Re: [PATCH] Identify LWLocks in tracepoints - Mailing list pgsql-hackers

From Robert Haas
Subject Re: [PATCH] Identify LWLocks in tracepoints
Date
Msg-id CA+TgmoY2GtP_HV8DfX1GY-PayosZa1GZ_87O6S61ONzA1HEqvQ@mail.gmail.com
Whole thread Raw
In response to Re: [PATCH] Identify LWLocks in tracepoints  (Andres Freund <andres@anarazel.de>)
Responses Re: [PATCH] Identify LWLocks in tracepoints  (Andres Freund <andres@anarazel.de>)
Re: [PATCH] Identify LWLocks in tracepoints  (Craig Ringer <craig.ringer@enterprisedb.com>)
List pgsql-hackers
On Mon, Apr 12, 2021 at 11:06 PM Andres Freund <andres@anarazel.de> wrote:
> No, they have to be the same in each. Note how the tranche ID is part of
> struct LWLock. Which is why LWLockNewTrancheId() has to acquire a lock
> etc.

More precisely, if a tranche ID is defined in multiple backends, it
needs to be defined the same way in all of them. But it is possible to
have an extension loaded into some backends and not others and have it
define a tranche ID that other backends know nothing about.

Another point to note is that, originally, I had an idea that each
tranche of lwlocks was situation in a single array somewhere in
memory. Perhaps that was an array of something else, like buffer
descriptors, and the lwlocks were just one element of the struct, or
maybe it was an array specifically of LWLocks, but one way or the
other, there was definitely one array that had all the LWLocks from
that tranche in it. So before the commit in question --
3761fe3c20bb040b15f0e8da58d824631da00caa -- T_ID() used to compute an
offset for a lock within the tranche that was supposed to uniquely
identify the lock. However, the whole idea of an array per tranche
turns out to be broken by design.

Consider parallel query. You could, perhaps, arrange for all the
LWLocks that a particular query needs to be in one tranche. And that's
all fine. But what if there are multiple parallel contexts in
existence at the same time? I think right now that may be impossible
as a practical matter, since for example an SQL function that is
called by a parallel query is supposed to run any SQL statements
inside of it without parallelism. But, that's basically a policy
decision. There's nothing in the parallel context machinery itself
which prevents multiple parallel contexts from being active at the
same time. And if that happens, then you'd have multiple arrays with
the same tranche ID, so how do you identify the locks then? The
pre-3761fe3c20bb040b15f0e8da58d824631da00caa data structure doesn't
work because it has only one place to store an array base, but having
multiple places to store an array base doesn't fix it either because
now you've just given the same identifier to multiple locks.

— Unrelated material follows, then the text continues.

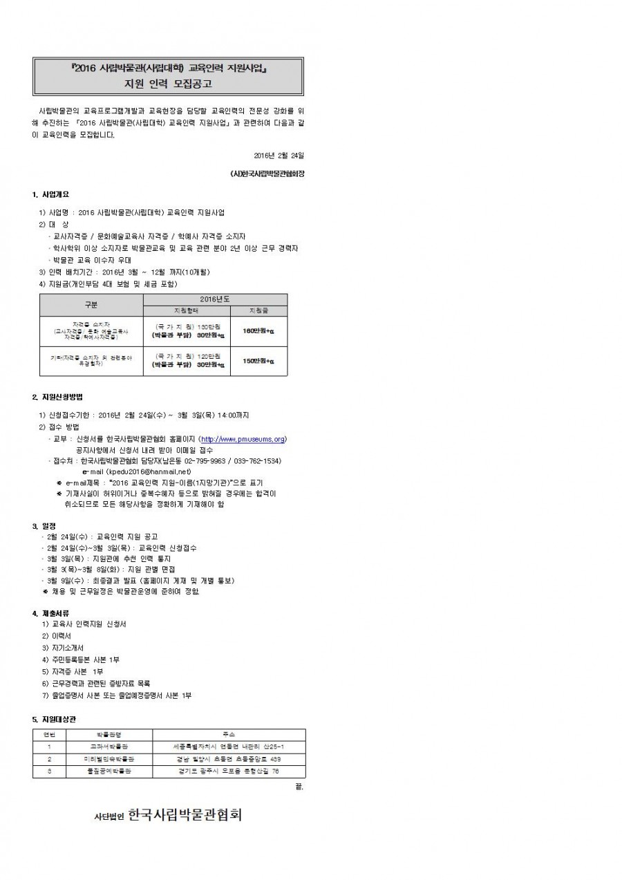 2016 사립박물관(사립대학) 교육인력 지원사업 지원인력 모집 공고

You could maybe fix it by putting a limit on how many parallel
contexts can be open at the same time, and then having N copies of
each parallelism-related tranche. But that seems ugly and messy and a
burden on extension authors and not really what anybody wants.

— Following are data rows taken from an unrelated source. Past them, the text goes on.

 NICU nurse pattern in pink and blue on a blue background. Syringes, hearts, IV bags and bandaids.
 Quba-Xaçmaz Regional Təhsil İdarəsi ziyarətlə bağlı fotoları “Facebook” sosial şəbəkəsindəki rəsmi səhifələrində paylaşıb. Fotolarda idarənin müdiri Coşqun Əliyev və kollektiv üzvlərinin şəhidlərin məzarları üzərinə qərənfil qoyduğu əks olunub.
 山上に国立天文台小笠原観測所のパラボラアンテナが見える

You could try to identify locks by pointer addresses, but that's got
security hazards and the addreses aren't portable across all the
backends involved in the parallel query because of how DSM works, so
it's not really that helpful in terms of matching stuff up.

You could identify every lock by a tranche ID + an array offset + a
"tranche instance ID". But where would you store the tranche instance
ID to make it readily accessible, other than in the lock itself?
Andres wasn't thrilled about using even 2 bytes to identify the
LWLock, so he'll probably like having more bytes in there for that
kind of thing even less. And to be honest I wouldn't blame him. We
only need 12 bytes to implement the lock itself -- we can't justify
having more than a couple of additional bytes for debugging purposes.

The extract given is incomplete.